An account is then given of the behaviour of potassium towards oxygen, oxymuriatic acid gas [chlorine], hydrogen, water, alcohol, ether, the various mineral acids, phosphorus, sulphur, mercury, a number of metallic oxides, and the various forms of glass.
The “basis” of soda is described as a white opaque substance of the lustre and general appearance of silver. It is soft and malleable, and is a good conductor of heat and electricity. Its specific gravity was found by flotation in a mixture of oil of sassafras and naphtha to be 0·9348 (the true specific gravity of sodium is 0·974). It was found to fuse at about 180° F. (the real melting-point of sodium is 197·5°). Its action on a number of substances—oxygen, hydrogen, water, etc.—is then described, and its general behaviour contrasted with that of the “basis” of potash.
Davy then attempted, by synthetical experiments, to determine the amount of the “metallic bases” in potash and soda respectively, and, considering the extremely small quantities he had to operate upon, the results are fairly accurate.
He then enters upon some general observations on the relations of the “bases” of potash and soda to other bodies.
“Should the bases of potash and soda be called metals? The greater number of philosophical persons to whom this question has been put, have answered in the affirmative. They agree with metals in opacity, lustre, malleability, conducting powers as to heat and electricity, and in their qualities of chemical combination.
“Their low specific gravity does not appear a sufficient reason for making them a new class; for amongst the metals themselves there are remarkable differences in this respect, ... and in the philosophical division of the classes of bodies, the analogy between the greater number of properties must always be the foundation of arrangement.
“On this idea, in naming the bases of potash and soda, it will be proper to adopt the termination which, by common consent, has been applied to other newly discovered metals, and which, though originally Latin, is now naturalized in our language.

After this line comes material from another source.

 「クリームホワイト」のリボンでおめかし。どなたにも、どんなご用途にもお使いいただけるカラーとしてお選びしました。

“Potasium [sic] and sodium are the names by which I have ventured to call the new substances; and whatever changes of theory, with regard to the composition of bodies, may hereafter take place, these terms can scarcely express an error; for they may be considered as implying simply the metals produced from potash and soda. I have consulted with many of the most eminent scientific persons in this country, upon the methods of derivation, and the one I have adopted has been the one most generally approved. It is perhaps more significant than elegant. But it was not possible to found names upon specific properties not common to both; and though a name for the basis of soda might have been borrowed from the Greek, yet an analogous one could not have been applied to that of potash, for the ancients do not seem to have distinguished between the two alkalies.”

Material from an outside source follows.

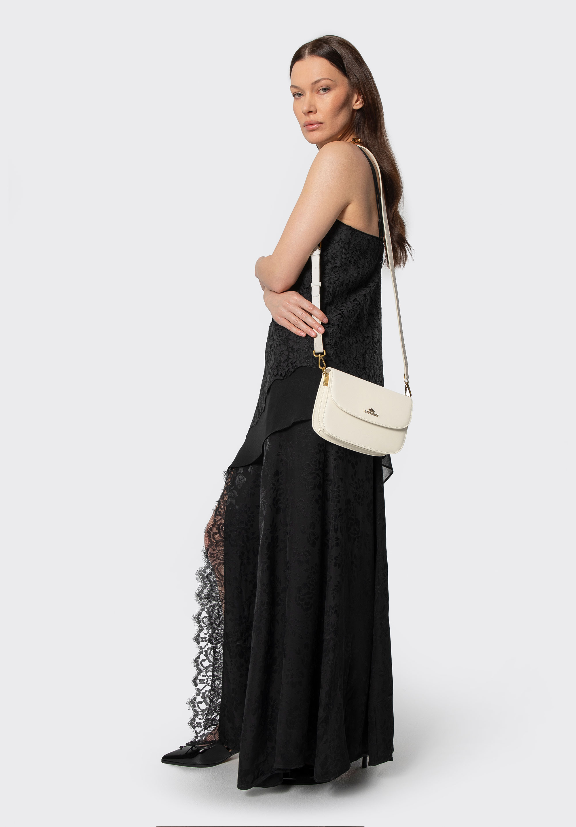 Elegantná crossbody kabelka so zaoblenou chlopňou a odnímateľným popruhom

He thinks there is the greater necessity for avoiding any theoretical views in terms because the time is yet far distant for a complete generalisation of chemical facts, and although the antiphlogistic explanation of the phenomena has been uniformly adopted, the motive for employing it has been rather a sense of its beauty and precision than a conviction of its permanency and truth.
“The discovery of the agencies of the gases destroyed the hypothesis of Stahl. The knowledge of the powers and effects of the etherial substances may at a future time possibly act a similar part with regard to the more refined and ingenious hypothesis of Lavoisier; but in the present state of our knowledge, it appears the best approximation that has been made to a perfect logic of chemistry.”
Led by analogy, Davy soon convinced himself that the volatile alkali—ammonia—also contained oxygen, and in amount not less than 7 or 8 per cent. It is not necessary to go into detail concerning the experiments on which this erroneous conclusion was founded. Davy was subsequently made aware of his error; but at the time he seemed anxious to overturn—as, indeed, he did in the end, but on other grounds—the Lavoisierian doctrine that oxygen was the principle of acidity, by showing that it was equally the principle of alkalescence.